The Welwyn group braved the cold weather to discuss the things that scare us and scary experiences. This included driving through the alps, encounters with ‘unstable’ people whilst hitchhiking through Australia, being tossed around in a light aircraft due to an approaching storm and then noticing that the window was held in place by a sticky plaster. And, luckily not on the same occasion, the engine falling off the aircraft whilst taking off.
We recalled experiences of being caught up in a terrorist attack and how at the time you ‘just get on with it’, only later reflecting on how dangerous the situation was.
Life can be scary, not knowing what is around the corner. So is change – going to university where you don’t know anyone, starting to be sociable again, particularly after the pandemic.

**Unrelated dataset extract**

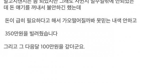 전여친에게 350만원 빌려줬는데 안갚네요

We heard how an acquaintance had worked at Bletchley Park during the war and how scared she was about making an error that could change the outcome of the war.
We learned that babies are born with only two fears – the fear of falling and loud noises – and pondered how scientists would have discovered this. Most fears are learned and are developed at a young age by our environment and culture. The most common phobias include:
- Arachnophobia: an intense fear of spiders and other arachnids
- Ophidiophobia: an intense fear of snakes
- Acrophobia: an intense fear of heights
- Aerophobia: an intense fear of flying
- Cynophobia: an intense fear of dogs
- Astraphobia: an intense fear of thunder and lightning
- Trypanophobia: an intense fear of injections
- Social phobia: an intense fear of social interactions
- Agoraphobia: an intense fear of places that are difficult to escape, sometimes involving a fear of crowded or open spaces
- Mysophobia: an intense fear of germs, dirt, and other contaminants
We hoped that tonight’s discussion wouldn’t give anyone nightmares and recommended reading a cheerful book before bedtime!